Fix-it-Flow

Inspiration

Every year, 50 million tons of e-waste hit landfills - not because devices are irreparable, but because people don't know where to start. A flickering lamp gets tossed. A coffee maker with a blown fuse gets replaced. The knowledge gap between "something's wrong" and "I can fix this" is where most of that waste is created.

We wanted to close that gap with a tool that feels less like a manual and more like a mentor. Fix-It-Flow was built for the person who has never opened a screwdriver in their life but is willing to try - if someone just tells them what to do, step by step, hands-free.

What it does

Fix-It-Flow is a voice-first repair agent that uses your device's camera and microphone to guide you through fixing broken household items, suggesting recycling methods instead of throwing them away.

It runs two flows:

Inspection Mode: You describe the problem out loud while pointing your camera at the item. Gemini Vision analyzes each live frame and describes what it sees. Featherless AI (Llama 3.1) then reasons over the visual description and your conversation to diagnose the issue. The app asks up to 3 targeted clarifying questions, then commits to a specific sustainable recommendation - repair, replace only the broken part, repurpose, donate, or recycle. If the fix is too complex for home repair, it suggests concrete alternatives like repair cafes or manufacturer spare parts rather than defaulting to "buy new."
Repair Mode: Once the device and broken part are identified, the app generates a step-by-step repair walkthrough. ElevenLabs reads each instruction aloud so your hands stay free. You say "done" to advance, "repeat" to hear a step again, or ask any follow-up question mid-repair and the AI answers in context before resuming where you left off.

How we built it

Frontend: Next.js 14 PWA with Tailwind CSS, supporting both mobile and web apps.
Voice input: Web Speech API for real-time speech-to-text and keyword detection ("done", "next", "repeat", "help", "end session").
Voice output: ElevenLabs streaming TTS with the eleven_turbo_v2_5 model for low-latency spoken guidance.
Vision: Google Gemini Vision (gemini-2.0-flash) analyzes each live camera frame and describes what is visibly broken.
Reasoning: Featherless.AI running Llama 3.1 8B takes Gemini's visual description plus the full conversation history to generate sustainability-first recommendations and repair steps.
Session persistence: AWS DynamoDB stores conversation history, captured frames, and repair state so sessions survive page refreshes.
Pipeline: Gemini runs first on each turn (vision only, ~3s), then passes its output to Featherless (reasoning, ~10s) - this ensures the LLM always has fresh visual context rather than last turn's summary.

Challenges we ran into

Latency was the hardest problem. The initial pipeline ran Gemini and Featherless sequentially with tight timeouts, causing frequent failures. We experimented with running them in parallel, but that introduced a worse problem: Featherless would receive last turn's visual context instead of the current frame. We landed on sequential execution with relaxed timeouts - Gemini runs first so Featherless always has fresh vision data.
LLM prompt tuning took more iterations than expected. Llama 3.1 8B defaulted to asking excessive clarifying questions and repeating the same generic suggestions. We introduced a question counter (hard cap at 3), explicit anti-repetition instructions (passing previous suggestions in the prompt), and a turn-aware system prompt that shifts behavior from "gather evidence" to "commit to a recommendation" as the conversation progresses.

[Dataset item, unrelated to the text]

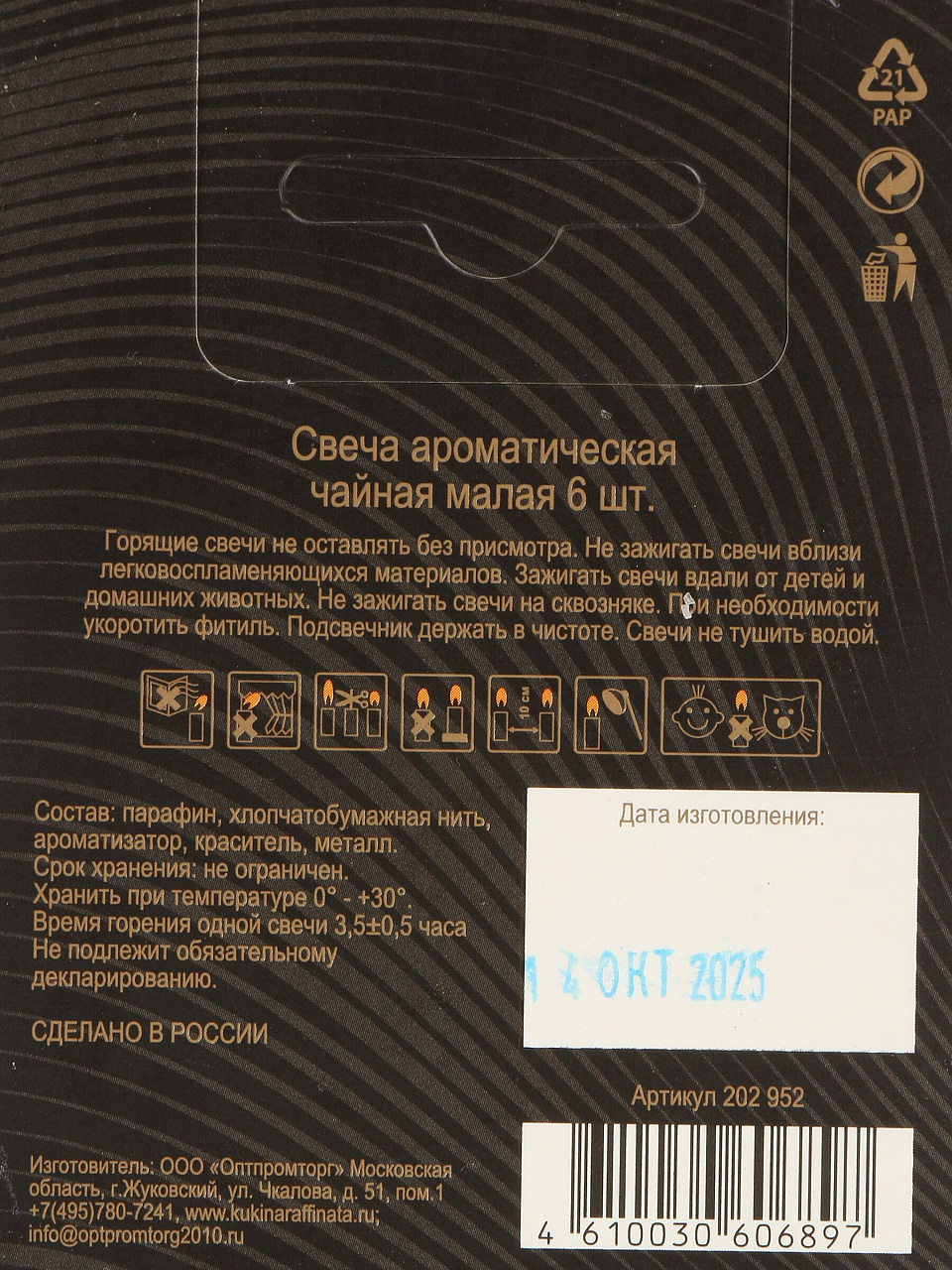 Свеча чайная ароматическая, кругл, 6 шт, Зеленый чай
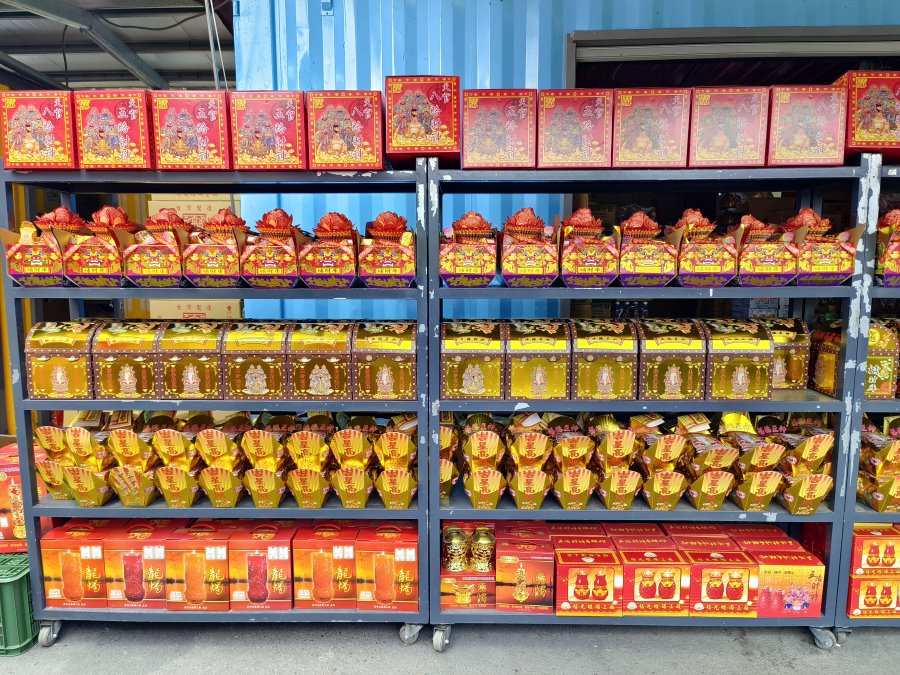 ▼左側擺放的就是各種發財金,有大船入港、藏寶箱等多元造型,真的很促咪耶~~除了泡麵、發財金之外也有販售一些糖果、餅乾及土地公愛吃的麻糬!

Accomplishments that we're proud of

A fully functional voice pipeline: speak → camera captures frame → Gemini describes it → Featherless reasons about it → ElevenLabs speaks the response back - end to end in ~13 seconds.
A side-by-side desktop layout with the live camera on the left and the conversation panel sticky on the right, making the diagnostic flow easy to follow in real time.

What we learned

Multimodal LLM pipelines require careful thought about data freshness - running calls in parallel looks faster on paper but can silently degrade context quality.
The "sustainability angle" needs to be explicit in the prompt - left to default behavior, LLMs suggest the most common fix, which is often "replace it," not the most sustainable one.

What's next for Fix-it-Flow

Repair manual ingestion: upload device PDFs to S3, parse them with the LLM, and generate repair steps grounded in the actual manufacturer documentation.
Repairability score: after inspection, show a 1–10 score for how fixable the item is, what it would cost in parts, and the estimated CO₂ saved vs. buying new.